In this question it is important to test both the null and alternative hypothesis.

$H_o​\::μ=5.11\:kg/mm^2$

$H_1​\::μ \neq 5.11\:kg/mm^2$

This is a two-tailed test in which the sample standard deviation would be used in a t-test with one mean with unknown population standard deviation. This is a two-tailed test in which the sample standard deviation would be used in a t-test with one mean with unknown population standard deviation.

The significance level is based on the information given as $α=0.05$ and $df=n−1=30−1=29\:\:$degrees of freedom.

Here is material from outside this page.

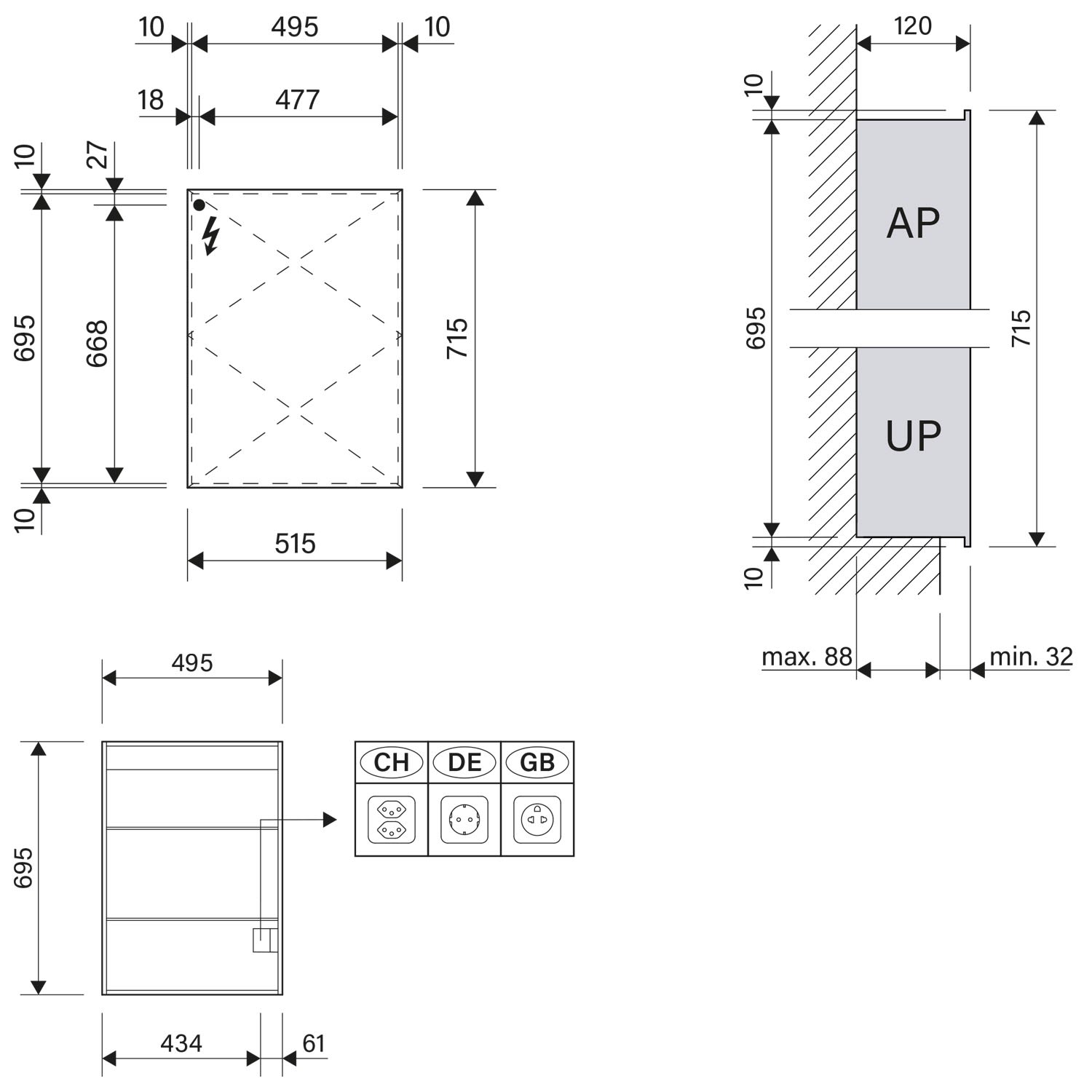 - Aufputz- oder Unterputz-Montage, maximale Einbautiefe 8,8 cm

Two-tailed test $t_c$ critical value is $2.04523.$

Region of rejection of this two-tailed test is $R={t:∣t∣>2.04523}$

$t$ - statistic is computed as follows:

$t=\frac{\overline{x}-\mu }{\frac{s}{\sqrt{n}}}=\frac{8.12−5.11}{\frac{2.0}{\sqrt{30}}}=8.24322\approx 8.243$

Therefore, it is inferred that $\:|t|=8.24322>2.04523=|t_c|,$ hence a conclusion that the null hypothesis is rejected.

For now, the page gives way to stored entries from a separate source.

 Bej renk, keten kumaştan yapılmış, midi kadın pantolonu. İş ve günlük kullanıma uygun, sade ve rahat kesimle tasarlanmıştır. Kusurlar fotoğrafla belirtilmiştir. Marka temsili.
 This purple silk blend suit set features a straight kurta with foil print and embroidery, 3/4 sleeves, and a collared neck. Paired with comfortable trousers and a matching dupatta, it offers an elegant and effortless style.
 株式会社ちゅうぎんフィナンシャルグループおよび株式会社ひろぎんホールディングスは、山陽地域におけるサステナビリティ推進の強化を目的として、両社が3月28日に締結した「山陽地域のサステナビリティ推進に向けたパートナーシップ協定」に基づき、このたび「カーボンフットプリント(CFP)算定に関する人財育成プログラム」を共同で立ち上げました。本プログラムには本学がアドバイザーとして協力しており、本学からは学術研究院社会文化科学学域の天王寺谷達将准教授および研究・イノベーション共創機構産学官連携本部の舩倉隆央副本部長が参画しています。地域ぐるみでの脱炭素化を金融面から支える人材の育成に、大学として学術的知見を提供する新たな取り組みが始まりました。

There is a concrete proof to claim that the population mean $\mu$  is different than $5.11,$ at the $\alpha=0.05$ significance level.

By utilizing the P value strategy, the significance level for the p-value for two-tailed is:

$\alpha=0.05, t=8.24322$ and $df=29$ degrees of freedom is $p<0.00001,$

and since p<0.00001<0.05=α it is concluded that the null hypothesis is rejected.

As a result, there is sufficient evidence to conclude that the population mean $\mu$ is distinct from  $5.11,$ at the $\alpha=0.05$ significance level.